Я твой бессменный арестант
Шрифт:
Я еще немного рассказал о нашей жизни, почему-то вдруг показавшейся неинтересной, не стоящей внимания и вспоминания. Первая зима в ДПР растаяла в черной дали, впечатления поистерлись, утратили остроту и важность, а злоключения не казались страшными, грозившими гибелью. Так, случайность, которая никогда больше не повторится. Да и ворошить старые скверные истории вроде бы было не за чем, ничего уже не исправить, не изменить. Всем было плохо. Я скромно прошелся по верхам, умалчивая о самом унизительном и мерзком. Давал общую картину. Не сладко плакаться маме, даже упоминая вскользь, как тебя били и убивали. До сегодняшней встречи она не знала об этом — письмо с сообщением о нападении Горбатого к ней не дошло — и воспринимала давние невзгоды в настоящем времени. Растроганная и убитая, она плакала тяжело и долго, а я упрекал себя за неистребимую тягу к разглагольствованиям: нет, чтобы промолчать, а шрамы просто не показывать.

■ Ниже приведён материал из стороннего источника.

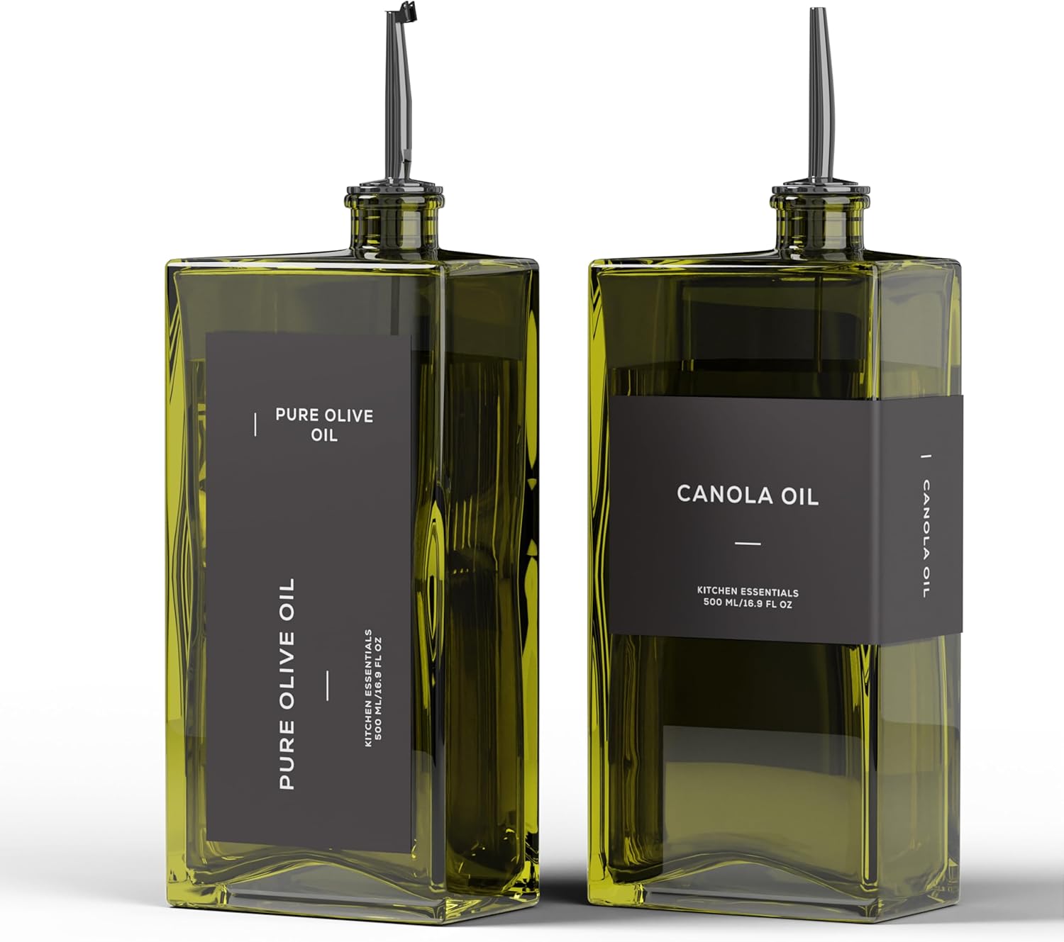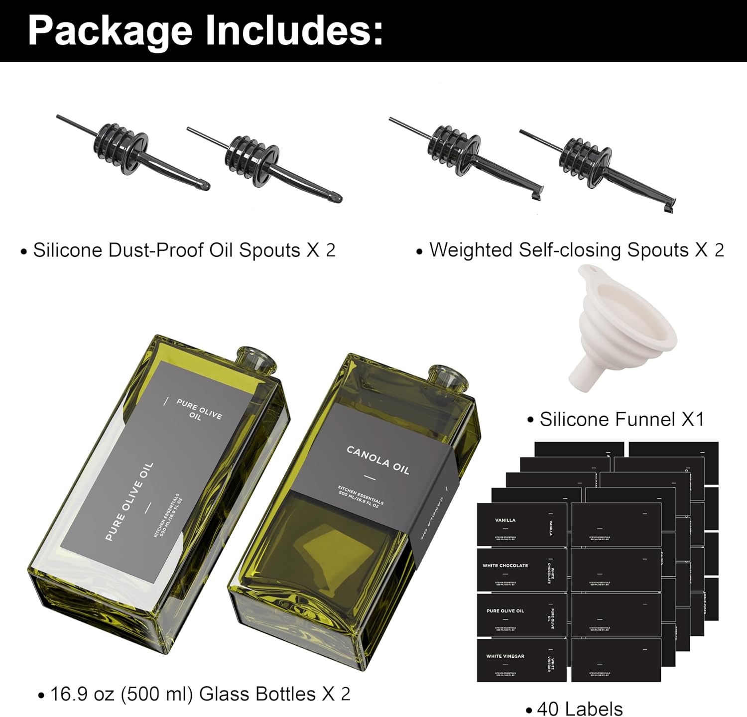 • Modern Kitchen Essential: Elegant and minimalist olive oil dispenser bottle include 2 high-quality 16.9 oz (500 ml) glass bottles, 2 weighted self-closing spouts, 2 Silicone Dust-Proof Oil Spouts, 1 funnel and a set of 40 labels, making them a must-have for any kitchen. Practical and decorative for your kitchen counter, these cooking oil dispenser meet all your kitchen needs for style and functionality!

Потом говорила мама. Я не столько вникал в смысл ее слов, сколько упивался дорогими, оживляющими далекие, счастливые дни звуками голоса. Мама вспоминала о тюремных горестях:
— Извелась тогда, изболелась. Лаки, химия, отрава. Чувствовала: не выдержу, дойду. Позеленела, высохла. Зимой пригнали доносчицу, что меня оболгала. Стало совсем невмоготу. Кислота под руками, и втемяшилось в голову: плесни да плесни ей в бельмы! Все равно конец! Насилу удержалась.

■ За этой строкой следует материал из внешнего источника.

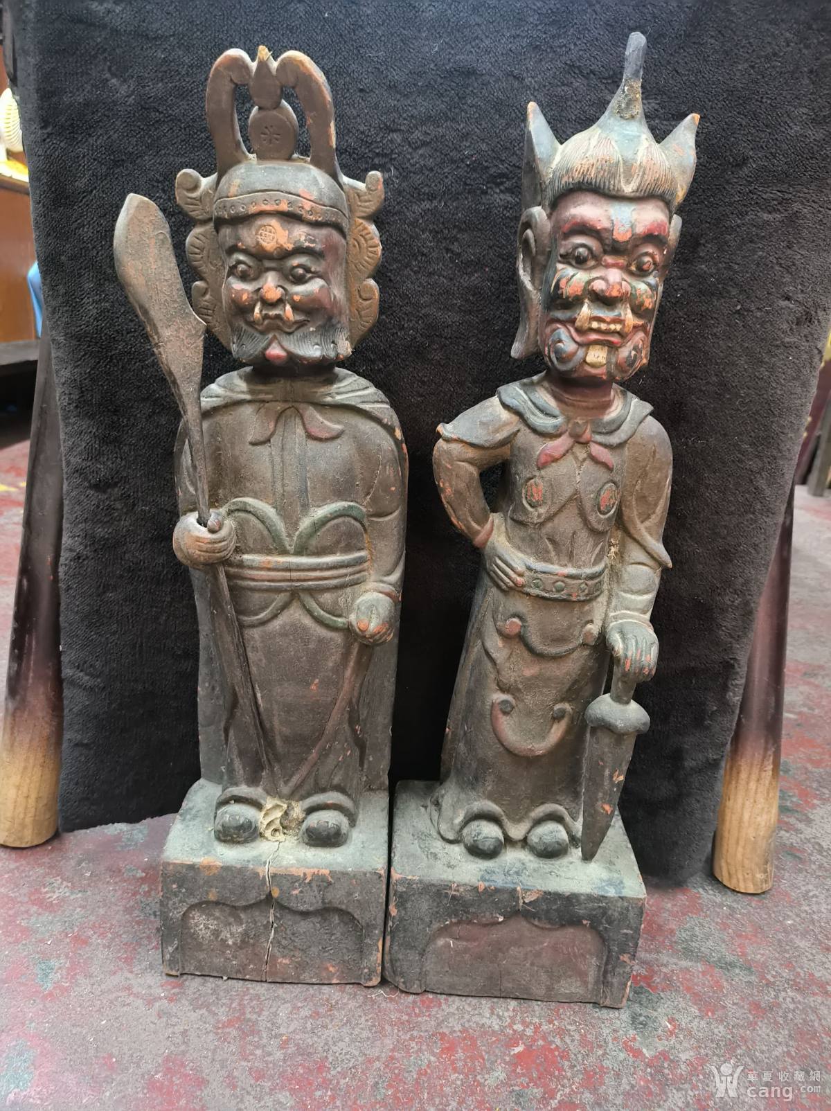 哼哈二将木雕一对
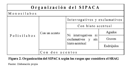 Las palabras agudas son el universo de la segunda norma, y así entran al SRAG. Lo mismo sucede con las palabras graves, que constituyen la totalidad de unidades de la tercera regla. También ingresan todas las esdrújulas y sobresdrújulas, pues conforman el total de expresiones de la cuarta regla, aunque estas últimas no son tomadas del SIPACA. Asimismo, el hiato acentual es otra propiedad relevante para la conformación de otra totalidad; o sea, toda palabra que lo presente ingresa al SRAG por tal condición, no por ser aguda o llana. Finalmente, existe una regla cuyo total de unidades son los adverbios terminados en -mente, que ingresan al SRAG por presentar dos acentos, pues para decidir su tilde se los descompone en dos constituyentes y se somete al primero a las reglas generales. A diferencia de lo que ocurre con los monosílabos, no hay en las normas una mención explícita a los polisílabos, pero la referencia a las agudas, llanas, etc., supone considerar su naturaleza polisilábica. Lo mismo se puede decir de las palabras con hiato acentual y de las unidades con dos acentos. Esto quiere decir que el SIPACA, según demandas del SRAG, está organizado en dos grandes grupos: i) monosílabos; y ii) polisílabos.

— Здесь, на стройке обтерпелась. В работе поднаторела, не всякий мужик угонится. Котлованы роем, на перекидку в самый низ ставят с лопатой, заводилой. «Включай мотор», — кричит мне бригадирша. Бетонируем, камни вожу на тачке. Заводище отгрохали, видел? Махина. Чего не воздвигнешь скопом! Трудяги здесь в почете, в относительном, конечно. Так что в этом смысле более-менее повезло. Была б послабее, давно б спровадили по этапу куда подальше.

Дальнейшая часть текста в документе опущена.